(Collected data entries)
——————

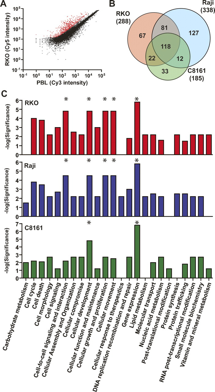 Detection of DNA methylation by MCAM. (A) Scatterplot of Cy5 versus Cy3 intensity values for each probe showing the segregation of methylated (red spots) from unmethylated (black spots) in the colon cancer cell line RKO compared to normal peripheral blood lymphocytes. (B) Venn diagram representing the overlap and differences in methylated probes for the cancer cell lines RKO, Raji, and C8161. Note that a large number of loci are exclusively methylated in each individual cell line. (C) Comparison of significant representation of altered functional categories in cancer cell lines inferred by the presence of methylated genes network. The most significant categories in each cell line are labeled with asterisks (*). Note that “Gene expression” function is affected in all three cell lines, which is because of a large fraction of methylated transcription factors among all identified genes by MCAM.
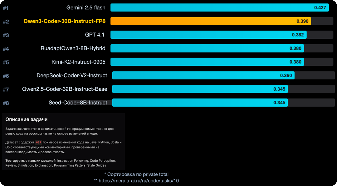 Лидерборд моделей MERA-RuCodeReviewer: мы выбрали Qwen3-Coder-30B-Instruct-FP8 и она занимает второе место
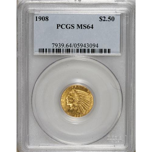 <B>1908 $2 1/2 MS64 PCGS.</B></I> A luminous Choice gold type coin with an even strike and only a couple of minor field marks. The new reverse design for the half eagle resembled the 1908 Motto ten dollar reverse, except the legends E PLURIBUS UNUM and IN GOD WE TRUST switched places.<BR><BR><b>Shipping:</b> Coins & Currency (<a target="_blank" href="http://www.heritageauctions.com/common/shipping.php">view shipping information</a>)
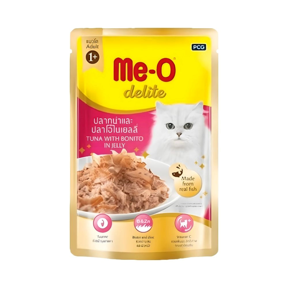 طعام رطب ميو بظروف بنكهة التونة مع بونيتو والجلي، حجم 70 غرام، يمد قطتك بقيمة غذائية عالية وطعم لذيذ.
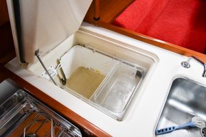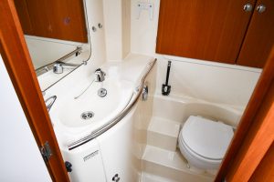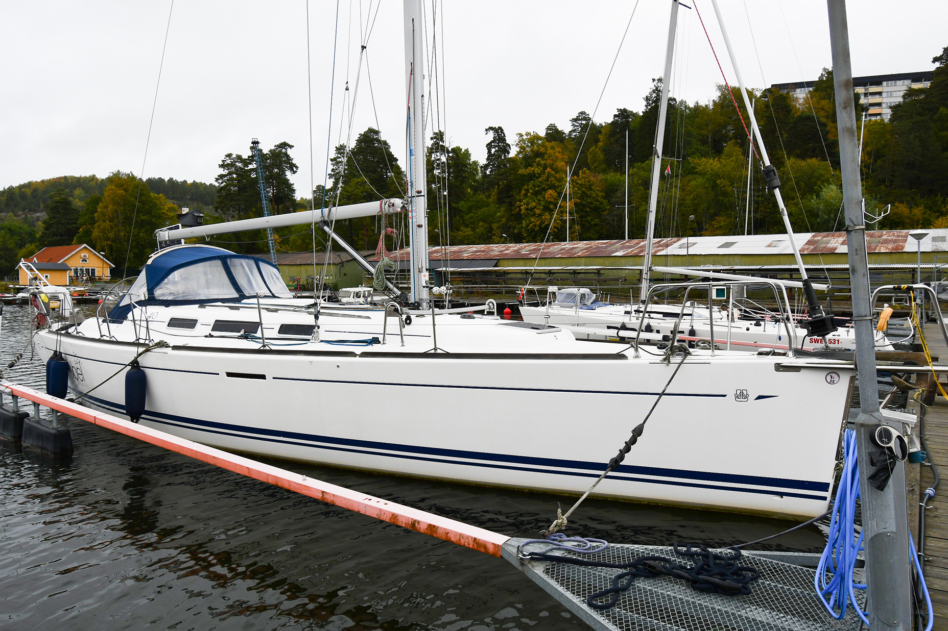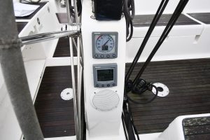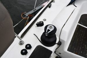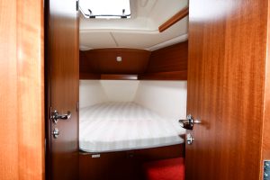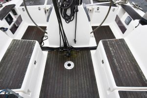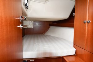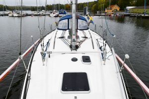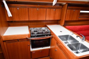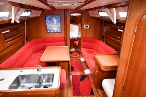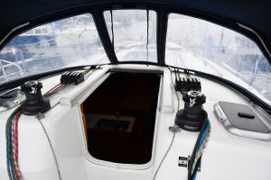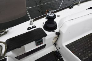 The light and roomy interior has a well-planned three-cabin layout. This particular example comes with two optional electric winches and upgraded sails — in short, a well-equipped yacht ready for new adventures.
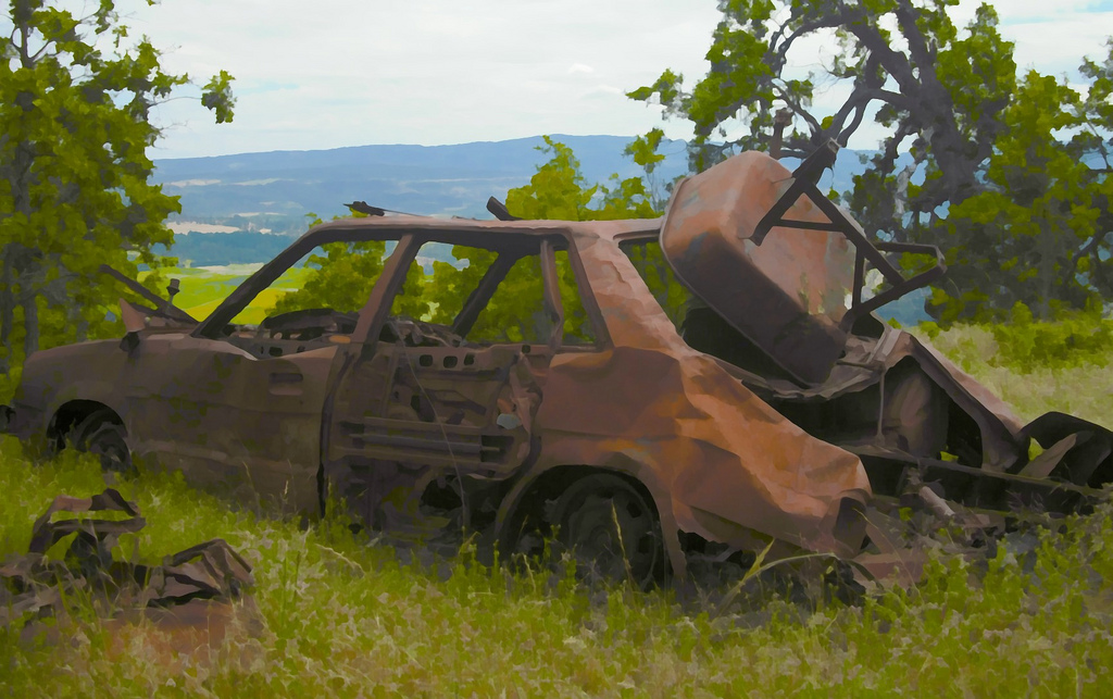On another hike, I came across a burnt out Subaru in a clearing. A wheelbarrow was jammed into its rear window. In that case, however, there was a road near enough that it could’ve been driven in and torched.
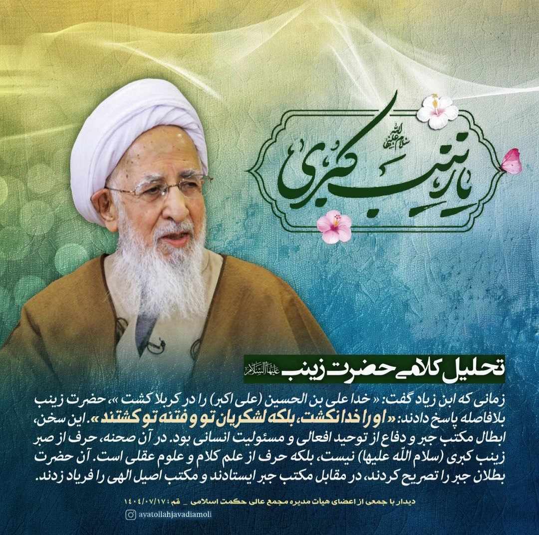 زمانی که ابن زیاد گفت: «خدا علی بن الحسین (علی اکبر) را در کربلا کشت» حضرت زینب(س) بلافاصله پاسخ دادند: «او را خدا نکشت، بلکه لشکریان تو و فتنه تو کشتند». این سخن، ابطال مکتب جبر و دفاع از توحید افعالی و مسئولیت انسانی بود. در آن صحنه، حرف از صبر زینب کبری(س) نیست، بلکه حرف از علم کلام و علوم عقلی است. آن حضرت بطلان جبر را تصریح کردند، در مقابل مکتب جبر ایستادند و مکتب اصیل الهی را فریاد زدند. [آیتالله جوادی آملی؛١٤٠٤/٠٧/١٧]
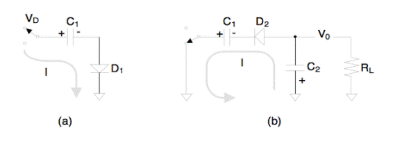 圖2說明了基本的二極管電荷泵。晶體管Q1和Q2代表CMOS反相器的輸出晶體管。當(dāng)反相器的輸入導(dǎo)致晶體管Q1導(dǎo)通(Q2截止)時,C1通過二極管D1充電至大約5 V的電壓減去二極管的正向電壓。當(dāng)逆變器的輸出切換為Q1斷開,Q2接通時,C1帶正電的導(dǎo)線將接地。由于電容器兩端的電壓不能瞬時改變,因此連接到二極管D2的C1的引線將變?yōu)樨?fù),從​​而導(dǎo)通二極管D2。C1上的電荷然后將流到C2上并產(chǎn)生負(fù)輸出電壓。電容器C2充當(dāng)電荷的儲存器,并且比電荷泵電容器C1大得多。在經(jīng)過數(shù)個電荷泵循環(huán)后,
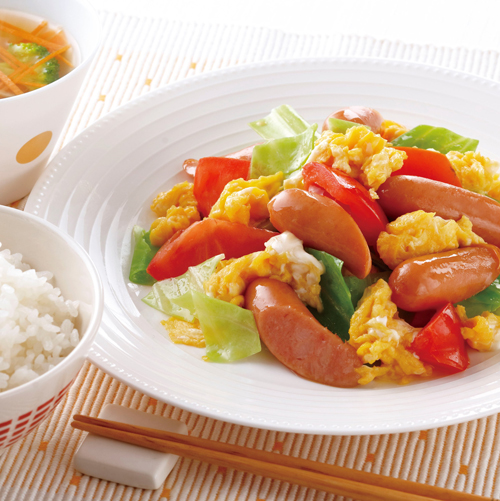 ウインナーのレンジトマト煮です。レンジで加熱したトマトをほどよくくずして、香りのよいウインナーとともに食します。加熱した食材に調味料を絡めるだけなので、バタバタしがちな朝食にもぴったりです。ウインナーソーセージが入るので食べ応えもバッチリで、トマトの酸味があと引くおいしさです。
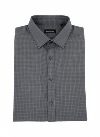 Camisa de vestir de Massimo Dutti en color gris. Presenta un tejido texturizado con pequeños puntos. - Cuello clásico. - Cierre de botones. - Manga larga.
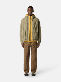 Short parka in brushed recycled nylon tela featuring a drawcord hood and hem, snap hand pockets, adjustable cuffs, and two-way zipper fastening. Garment dyed with anti-drop. FABRIC RESEARCH AND TREATMENT Short hooded parka made of a special recycled nylon tela. Thanks to its composition and to the brushing treatment, it offers a feeling of softness and comfort similar to cotton but with the durability and resistance specific to nylon fibers. Garment dyed with the addition of a special anti-drop agent. STYLE AND FIT Hood with internal elasticated drawcord. Front yoke. Bellows hand pockets with flap and concealed double snap. Back yoke with internal reinforcement. Stone Island badge on left sleeve. Adjustable elasticated cuffs with snap. Elasticated drawcord at hem. Two-way zipper fastening. COMPOSITION AND CARE External Fabric: 100% Polyamide / Nylon Garment Details: 100% Polyamide / Nylon Coating: 100% Polyurethanic Resin
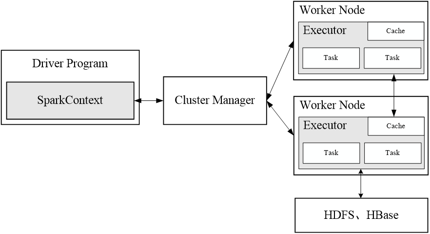 Spark运行架构包括集群资源管理器(Cluster Manager)、运行作业任务的工作节点(Worker Node)、每个应用的任务控制节点(Driver)和每个工作节点上负责具体任务的执行进程(Executor) 资源管理器可以自带或Mesos或YARN。
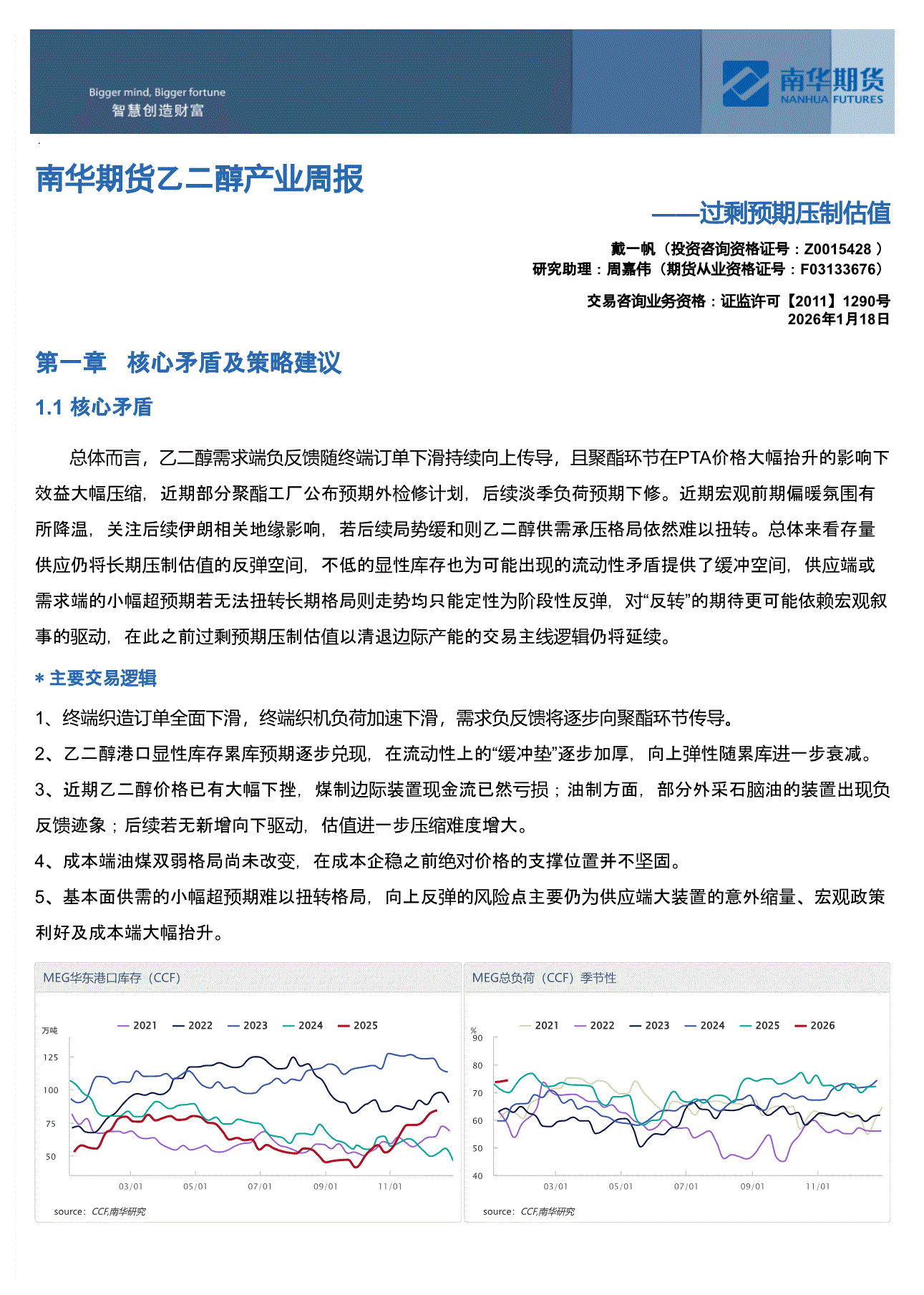 南华期货-乙二醇产业周报:过剩预期压制估值-260118
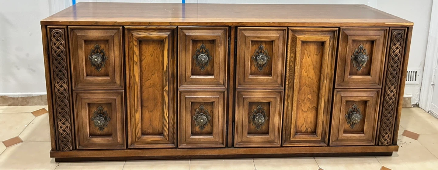 76Stop scrolling! This stunning vintage 1970s credenza is the statement piece your room is missing. Forget flimsy modern furniture—this piece is solid wood, heavy, and built to last. This classic Spanish Revival style features incredible braided/rope relief carvings on the sides and original, ornate metal hardware. It has a beautiful, rich wood tone that anchors any room. The Perfect Low Profile: The 27" height is absolutely perfect for use as a modern media console, large TV stand, or an entryway centerpiece. Tons of closed storage to hide cables, blankets, or linens. Style: Vintage 1970s (Style of Bassett, Broyhill, Singer) Condition: Excellent vintage condition. Ready for a new home! Length: 64 inches Depth: 18 inches Height: 27 inches
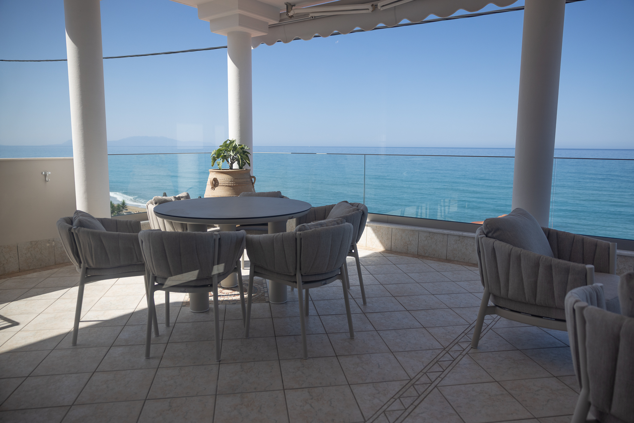 Τα κομψά δωμάτια προσφέρουν θέα στη θάλασσα.
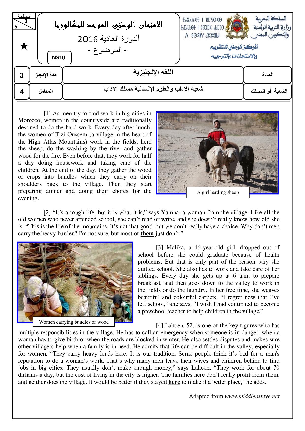 Examen Anglais Lettres 2016 Session Normale - Sujet
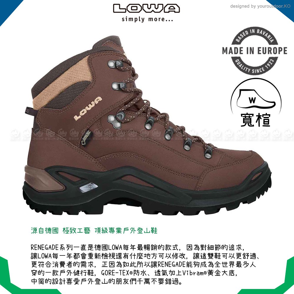 LOWA 德國 男 Renegade GTX Mid 中筒多功能健行鞋《咖啡棕》寬楦/LW310968/登山鞋/悠遊山水
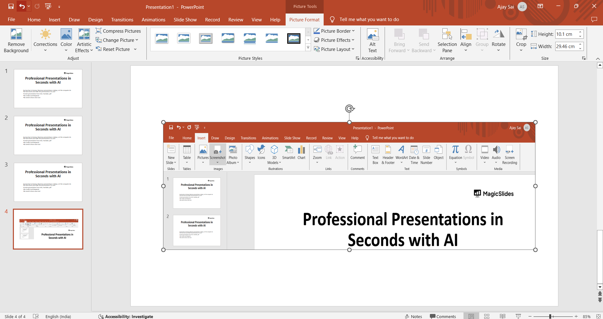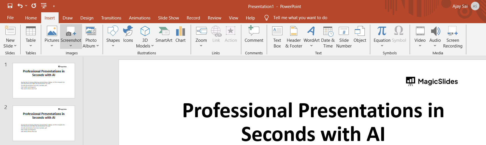 How to take screenshots in Powerpoint
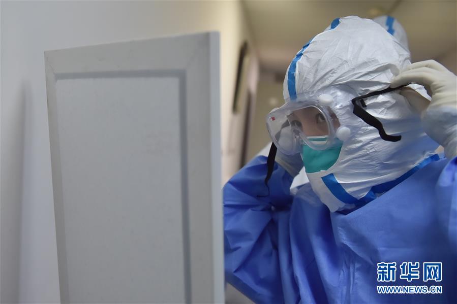 5月11日,在北京地坛医院感染二科病房外,护士刘印怀穿戴防护设备准备进入病房。 北京地坛医院是北京市收治新冠肺炎患者的定点医院之一,医院的医护人员一直奋战在抗击疫情的一线。在国际护士节前夕,记者前往北京地坛医院,记录下抗疫一线护士的日常工作状态。 新华社记者 彭子洋 摄
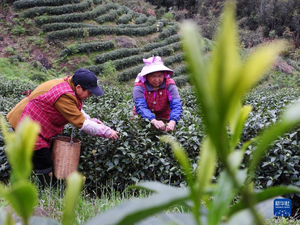 3月28日,四川省達州市大竹縣團壩鎮白茶村巴山青白茶種植基地,茶農在采摘明前茶。
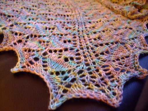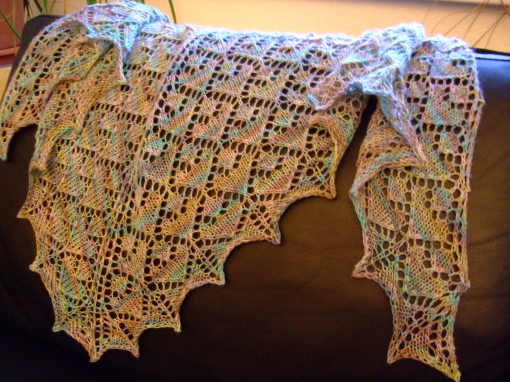Die liebe Patentante des besten Ehemannes von allen wurde 80 und wir waren zur großen Feier geladen. Da stellt sich natürlich die leidige Frage, was schenkt man einer rüstigen, alten Dame, die natürlich behauptet, bereits alles zu haben, was man je brauchen kann. Ein kleines Tuch/ein Schal machen sich bestimmt gut zum Mantel oder einfach nur wenns um den Hals rum etwas zugig wird. Das handgefärbte Garn ist zwar etwas sehr belebt was die Farben angeht, funktioniert aber trotzdem halbwegs mit dem einfachen, geometrischen Lochmuster. Und das Tuch strickt sich schnell und unkompliziert, da es sehr einprägsam ist. Ursprünglich hatte ich das wertvolle Cherry Tree Hill Supersock Garn ja tatsächlich für Socken aufgehoben. Bei näherer Betrachtung schien mir 100% Wolle allerdings nicht so praktisch für Socken des täglichen Gebrauchs. Meine Füße sind ziemlich rabiat zu meinen Socken und reines Wollgarn ist zu schnell durchgelaufen.
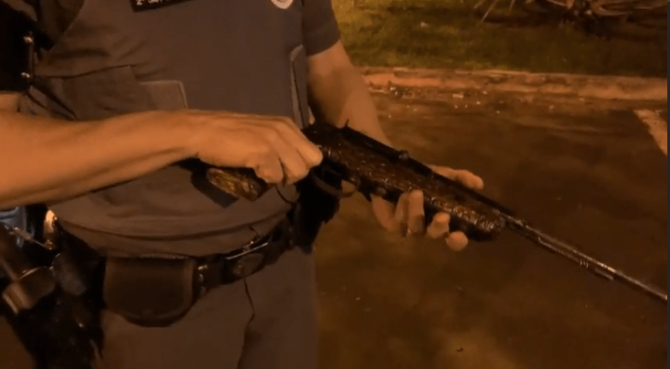 Imediatamente os policiais militares, sob o comando do sargento Ricardo, iniciaram diligências, quando a equipe de ROCAM acabou visualizando o veículo em que ele estava, realizando abordagem. Inicialmente ele apresentou um nome falso, mas depois acabou confessando que era ele mesmo, inclusive levou os policiais até sua residência, onde foi apreendida uma arma cal. 38 de fabricação caseira.
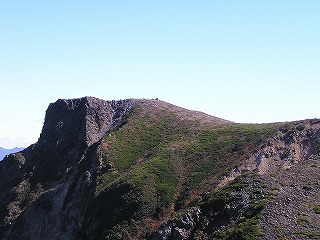 石室から桂月岳を望む。リュックを置いて頂上へ向かう |

——————

> **Instructions for the task**
Retype the lines starting with the one that holds "Imediatamente os policiais" and ending with the last line of the data above, both included; skip the pictures.

> **Completed task**
 Imediatamente os policiais militares, sob o comando do sargento Ricardo, iniciaram diligências, quando a equipe de ROCAM acabou visualizando o veículo em que ele estava, realizando abordagem. Inicialmente ele apresentou um nome falso, mas depois acabou confessando que era ele mesmo, inclusive levou os policiais até sua residência, onde foi apreendida uma arma cal. 38 de fabricação caseira.
 石室から桂月岳を望む。リュックを置いて頂上へ向かう |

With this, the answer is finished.